For a successful Fabric adoption journey, leverage specific tools to assess, plan, and track migration tasks iteratively:

Tool typeFunctionalityTool
Discovery & AssessmentScan, analyze and classify your data estate to identify dependencies and scope complexityMicrosoft Purview Data Map, Fabric Workload Analyzer, Azure Migrate
Data IngestionMove data into Fabric environments (OneLake, Lakehouse, Warehouse, etc.)Dataflow Gen2, Pipelines, Notebooks, Eventstream
Tracking & PlanningManage the agile delivery of migration tasks and dependenciesAzure DevOps, Microsoft Planner, Excel
Governance FrameworkDefine access, compliance, ownership, and standardsMicrosoft Fabric Landing Zone Kit, Entra ID, Microsoft Purview
AutomationAutomate repetitive onboarding/configuration stepsFabric CLI, Azure CLI, Bicep, GitHub Actions

Note
Fabric CLI can be used to script workspace creation, permission assignments, pipeline deployments and more. Favor native tooling unless legacy constraints apply.

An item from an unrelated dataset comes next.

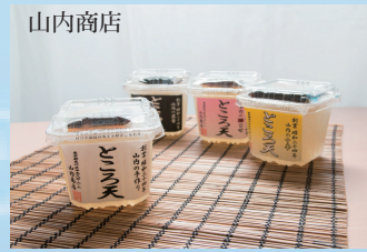
①ところ天 ②ところ天黒蜜 ③ところ天梅じそ ④ところ天中華 各150円
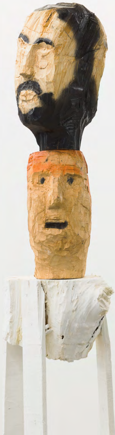
Nro 1, 2020 Talla en madera y pintura en aerosol Wood and spray painting 198 x 50 x 35 cm

Build your Fabric migration backlog

Organize work as an agile backlog

Use agile epics, features, and user stories to represent your migration backlog in tools like Azure DevOps or GitHub Projects:

  • Epic: Each domain or data workspace (e.g., Sales Analytics, IoT Telemetry)
  • Feature: A Fabric workload such as Lakehouse, Warehouse, Notebook, or Power BI Semantic Model
  • User story: Migrate a specific dataset or pipeline component (e.g., Sales Transactions Stream, ERP History Table)
  • Tasks: Migration activities such as ingestion config, semantic modeling, role assignment, testing

Track by business priority

Tie every backlog item to business value:

  • Define goals (e.g., replace legacy DWH, enable real-time dashboards)
  • Assign business owners
  • Capture success KPIs (e.g., reduced refresh duration, SLAs, data quality scores)

Manage for multiple tenants or regions

If your Fabric adoption includes multi-tenant or sovereign setups, segment your backlog accordingly. Use separate epics for each geography or regulatory boundary (e.g., EU Tenant, US Sovereign Fabric).

Backlog capture templates

  • Use Migration Execution Guide or create structured Excel/CSV files with:
    • Domain
    • Data product
    • Source system
    • Target Fabric workload
    • Priority
    • Dependencies
    • Status
    • Owner

You can link these backlog items directly to Fabric CLI scripts or DevOps pipelines to streamline promotion and validation.

Lifecycle integration

The Fabric migration backlog is not static. Continuously evolve the backlog during assessment, remediation, testing, and go-live iterations.

Consider maintaining the backlog in a Git repo alongside deployment Bicep templates and YAML pipelines for traceability and automation.